Именно ее именует наш поэт «девой Эвменидой».
Интересно, что древнегреческие богини Эвмениды («милостивые, благожелательные»), у римлян они – Эринии, фурии – «гневные, яростные, богини-мстительницы», они же именуются «величавыми, досточтимыми». «Они неусыпно наблюдают за тем, чтобы от века установленные отношения между старшими и младшими, родителями и детьми, богатыми и бедными, благоденствующими и несчастными, не были нарушаемы к выгоде одной стороны на счет другой. Есть эвмениды отца, матери, родителей; также детей, нищих, то есть всякого, кто обижен и чья обида вопиет о мщении. Воплям и проклятиям жертвы внемлют эвмениды и преследуют виновного без устали и пощады не только на земле, но и в преисподней после смерти, пока мера мщения не исполнится» [10].
Пушкин неоднократно вспоминает богиню-мстительницу Эвмениду. Так, в стихах «Чаадаеву. С морского берега Тавриды», напишет:
К чему холодные сомненья?
Я верю: здесь был грозный храм,
Где крови жаждущим богам
Дымились жертвоприношенья;
Здесь успокоена была
Вражда свирепой Эвмениды:
Здесь провозвестница Тавриды
На брата руку занесла… (и т.д.)
Поэт «над развалинами храма Артемиды, который, по преданию, находился у мыса Георгиевского монастыря на южном берегу Крыма», вспоминает «древнегреческий миф об Оресте, брате Ифигении, жрицы Артемиды в Крыму» [11:672].

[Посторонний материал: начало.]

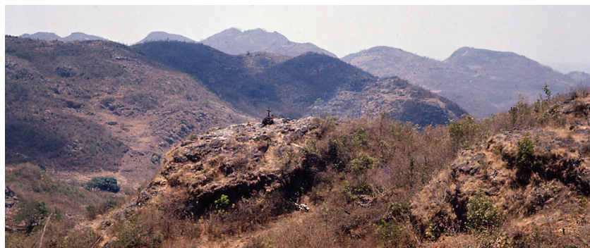
FIGURE 1.14. Cross shrine on a rock outcrop on the outskirts of the aldea of Canquintic ( k'ankintik, meaning unknown), municipio of Nentón. May 1965. A woman in a red huipil kneels to the left of the cross. Entering the village with a loaded mule, I was hailed by a woman who ran from her house to ask “ Tas ha chonho?,” What are you selling?

job at Florida State University and I began to work there as an adjunct professor. We concentrated our field work on Chol and our academic work on Maya hieroglyphics.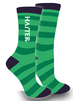
HAYTER STRIPE SOCKS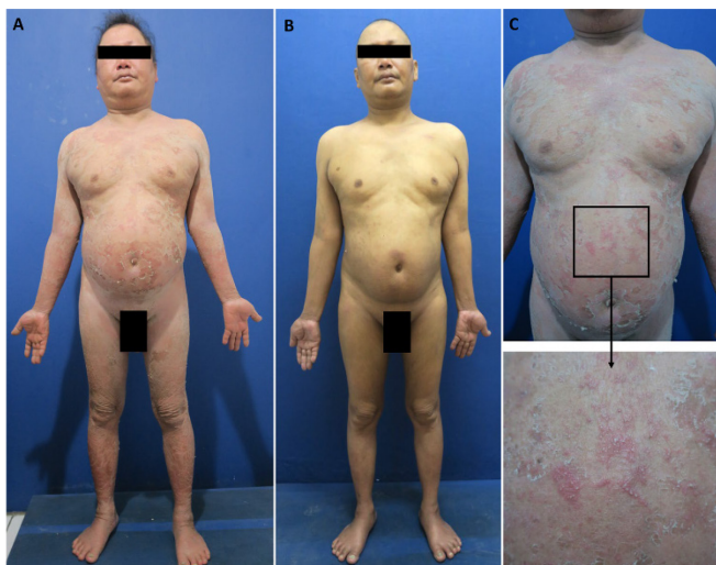
(A). before treatment, (B). after treatment, (C). pustular lesions developed over abdomen.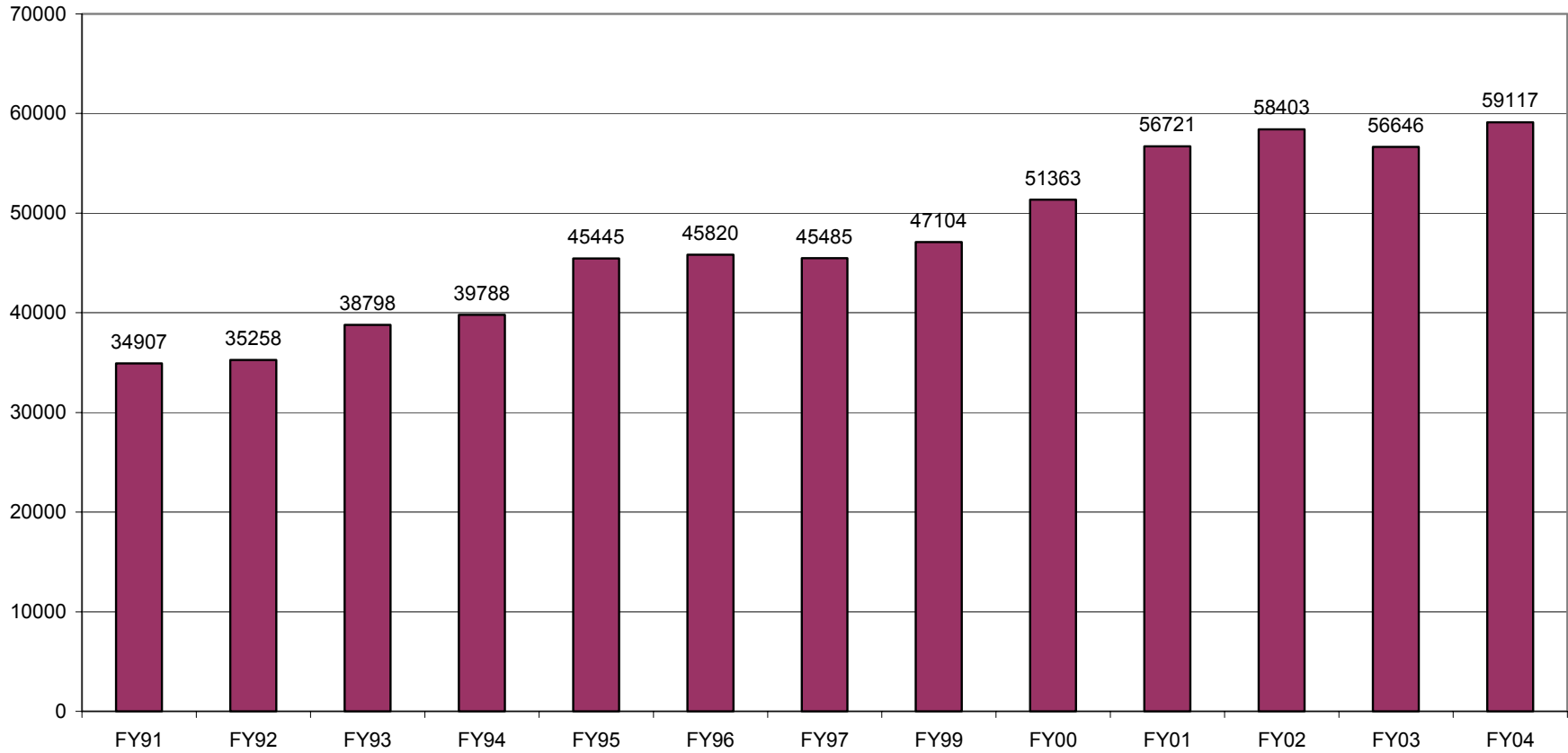
Clients Served by Domestic Violence Programs FY91 to FY04 (*FY98 data is not accurate due to change in data collection systems mid-year)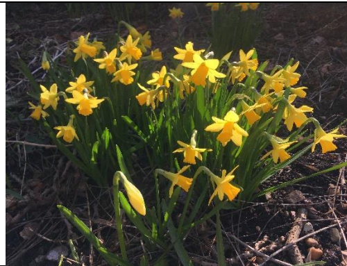
March – Thriplow daffodils

Б.В. Томашевский, Т.Г. Цявловская и др. считают, что это «послание» написано в 1824-м году, несмотря на то, что Пушкин напечатал его под 1820 годом, писал в «Отрывке из письма к Д.»: «Тут же видел я и баснословные развалины храма Дианы. Видно, мифологические предания счастливее для меня воспоминаний исторических; по крайней мере тут посетили меня рифмы. Я думал стихами. Вот они:» [12:634; курсив мой – Л.В.] Приводит текст стихов, но с пропуском, который наличествует во всех изданиях.
Черновик стихов находится в одесской тетради, среди записей 1823-1824 гг. Поэт немало познал, претерпел к этому времени…
Заметим, что во второй части послания Пушкин, признавшись: «Я мыслил имя роковое / Предать развалинам иным», вспоминает стихи «К Чаадаеву» 1818 (?) года («Любви, надежды, тихой славы...»), где – строки: «И на обломках самовластья / Напишут наши имена». Стихи знакомы с детских лет, входили в школьную программу. «Под гнетом власти роковой» юноша не может не мечтать о «вольности святой».
Б.В. Томашевский предполагал, что эти стихи, возможно, вызваны «оживленными политическими спорами по поводу обещания конституции в речи Александра на Польском сейме 15 марта 1818 г. Пушкин не верил в обещания Александра и в мирное введение конституционного правления в России» [13:505-506].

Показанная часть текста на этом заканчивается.